He was elected F.R.S. in 1897. His original work was
mainly on fossil invertebrata (graptolites, stromatoporoids and
corals); but he did much field work, especially in the Lake
district, where he laboured in company with Professor R.
Harkness and afterwards with Dr J. E. Marr. He was awarded
the Lyell Medal by the Geological Society in 1888. He died at
Aberdeen on the 19th of January 1899.
Publications.—Ancient Life-History of the Earth (1877); Manual of Zoology (of which there were 7 editions) and other text-books of Zoology; Manual of Palaeontology (1872, 3rd ed., 2 vols., with R. Lydekker, 1889); Monograph of the Silurian Fossils of the Girvan District in Ayrshire (with R. Etheridge, jun.) (1878–1880); Monograph of the British Stromatoporoids in Palaeontograph. Soc. (1886–1892).
Obituary, with portrait, by Dr G. J. Hinde, in Geol. Mag. (March 1899).
NICHOLSON, JOHN (1822–1857), Anglo-Indian soldier and
administrator, son of Alexander Nicholson, a north of Ireland
physician. was born on the 11th of December 1822 and educated
at Dungannon College. He was presented with a cadetship in
the Bengal infantry in 1839 by his uncle Sir James Hogg, and
served in the first Afghan War of 1839–42; he distinguished
himself in the defence of Ghazni, and was one of the prisoners
who were carried to Bamian and escaped by bribing the guard
upon General Pollock’s successful advance. It was in Afghanistan
that Nicholson first met Sir Henry Lawrence, who got him the
appointment of political officer in Kashmir and subsequently
on the Punjab frontier. In 1847 he was given charge of the Sind
Sagar district, and did much to pacify the country after the first
Sikh War. On the seizure of Multan by Mulraj, he rendered
great service in securing the country from Attock, and was
wounded in an attack upon a tower in the Margalla Pass, where
a monument was subsequently erected to his memory. On the
outbreak of the second Sikh War he was appointed political
officer to Lord Gough’s force, when he rendered great service in
the collection of intelligence and in furnishing supplies and boats.

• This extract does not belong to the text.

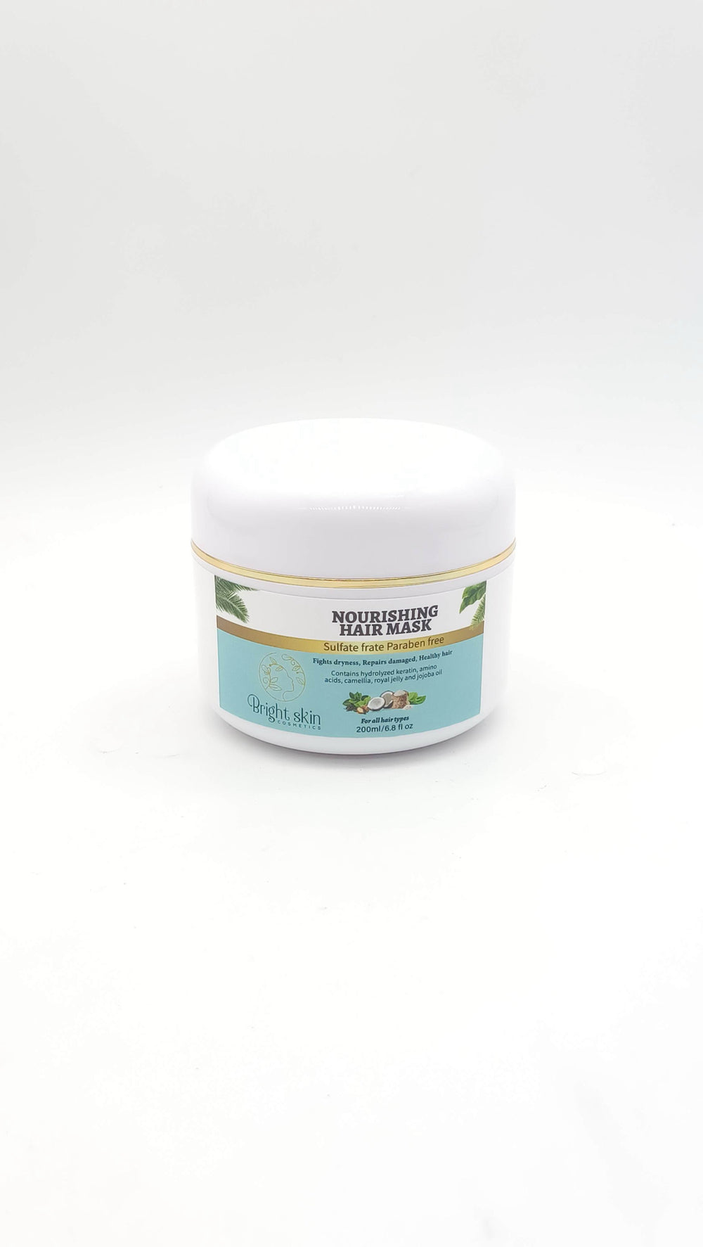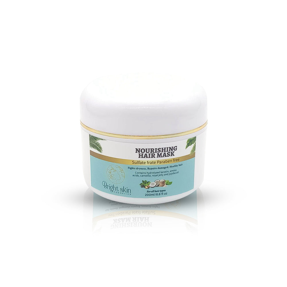 Vår hårmask innehåller hydrolyserat keratin, aminosyror, bidrottninggelé och andra aktiva ingredienser.

On the annexation of the Punjab he was appointed deputy commissioner of Bannu. There he became a kind of legendary hero, and many tales are told of his stern justice, his tireless activity and his commanding personality. In the course of five years he reduced the most turbulent district on the frontier to such a state of quietude that no crime was committed or even attempted during his last year of office, a condition of things never known before or since. On one occasion, being attacked by a ghazi, he snatched the musket from the hand of a sentry and shot the man dead; on another occasion he put a price on the head of a notorious outlaw, and finding every one afraid to earn it, rode single-handed to the man’s village, met him in the street and cut him down. But besides being a severe ruler, Nicholson was eminently just. A criminal had no chance of escaping him, so able and determined was his investigation; and a corrupt official could not long evade his vigilance; but he was deliberate in his punishments, and gave offenders a chance to redeem their character. He would go personally to the scene of a crime or a legal dispute and decide the question on the spot. Every man in his district, whether mountain tribesman or policeman, felt that he was controlled by a master hand, and the natives said of him that “the tramp of his war-horse could be heard from Attock to the Khyber.” Lord Roberts says of him in Forty-One Years in India: “Nicholson impressed me more profoundly than any man I had ever met before, or have ever met since. I have never seen any one like him. He was the beau idéal of a soldier and a gentleman.” It is little wonder that the natives worshipped him as a god under the title of Nikalsain. Nicholson, however, had a fiery temper and a contempt for red tape, which made him a somewhat intractable subordinate. He had a serious quarrel with Sir Neville Chamberlain, and was continually falling out with Sir John Lawrence, who succeeded his brother Henry as ruler of the Punjab.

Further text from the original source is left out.